I feel that Sherry Turkle hit the nail on the head in regards to society's increasing reliance on technology. We have become so absorbed into technology that we have now resorted to changing our main mode of communication to ways that directly involve technology such as texting and webchatting. Both modes of communication may allow us to communicate from a distance but as Turkle pointed out, the user can multitask during communication which thwarts the conventional connections human being make during communication. Years ago, if an individual desired to speak with an acquaintance, they would have to walk a certain distance to communicate with that person. However, the walk would be worth it when the two people meet up to discuss how they are feeling and what they have been doing. Even further, the content of the conversation would be more "unfiltered" than the modern day texting approach since body language plays a key role when communication. Today, when communicating through texting, people are engaging in what is essentially a superficial conversation since they are able to choose their words wisely and edit their replies to create the "optimal" version of themselves.

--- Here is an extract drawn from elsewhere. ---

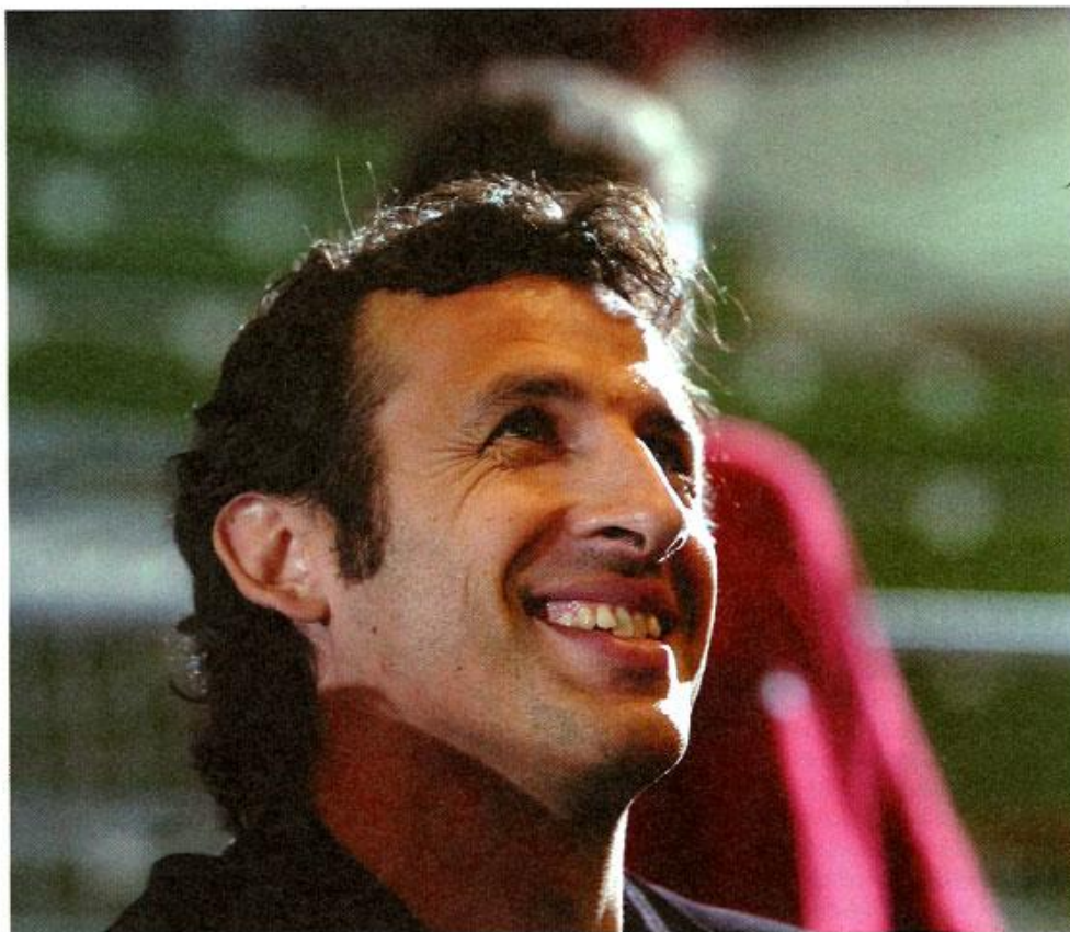
Fred Amez / HIT SPORTS

C'est gentil de le dire ou de le penser (rires) mais aujourd'hui je suis à l'étranger et pour le moment je n'ai pas eu cette occasion. Probablement d'ailleurs que je n'ai pas tout fait pour mais ce n'est pas pour cela que j'en vis plus mal. Et il n'y a pas d'actualité pour le moment là-dessus, de mon côté.

One fact I found very interesting in the reading was within David Levy's writing of Love and Sex with Robots. I found it interesting to read that Levy believes that love with robots can be as normal as love with humans and capture the same feelings and intimacies. I feel that like communication through texting, these potential relationships with robots would be superficial. While a robot may be able to provide endless sexual experience, would not cheat, would not lie, and essentially be the "perfect companion," it would not capture the emotions of a normal human relationship. The idea of having a partner cheat or lie to you may hurt, but establishing that trust with another individual is part of the experience of a relationship. If robots are able to replace humans as intimate companions, I feel like the need to control and have the perfect partner has officially distorted the values that create a healthy and passionate relationship. Although a robot may be tailored to meet your certain desires, it will never have the ability to share a point of view from a human's perspective, which often entails the adversity one overcomes throughout all the hard times in life. Keeping tabs on one another through social media is one thing, but to completely give up on human beings and resort to a robot that will do exactly as one pleases is crossing the line in my opinion.
I’d say that I generally agree with Turkle’s sentiments toward people’s reliance on technology, though I don’t feel quite as strongly about it. As people spend more and more time staring at screens, and less and less time face-to-face with other people, it does worry me a little bit about how far it will go in the future. If computers get to the point where they are able to satisfy humans in a relationship, and that’s what people want, then I don’t have a problem with it. Personally, that thought creeps me out a little bit, but if other people are okay with it I’m not going to tell them it’s wrong. However, if it does get to that point, I would be concerned that people will become less capable of having healthy friendships and relationships with other people.
I actually watched the movie “Her” not too long ago, which is about a guy falling in love with his Operating System. I won't give away too much, but the OS is super smart, has natural conversations with him, and is pretty much its own "person”. The OS was basically a brain with limitless learning potential. I have my doubts that computers will ever feel that real, but if they do I’d be more worried that they could just take over!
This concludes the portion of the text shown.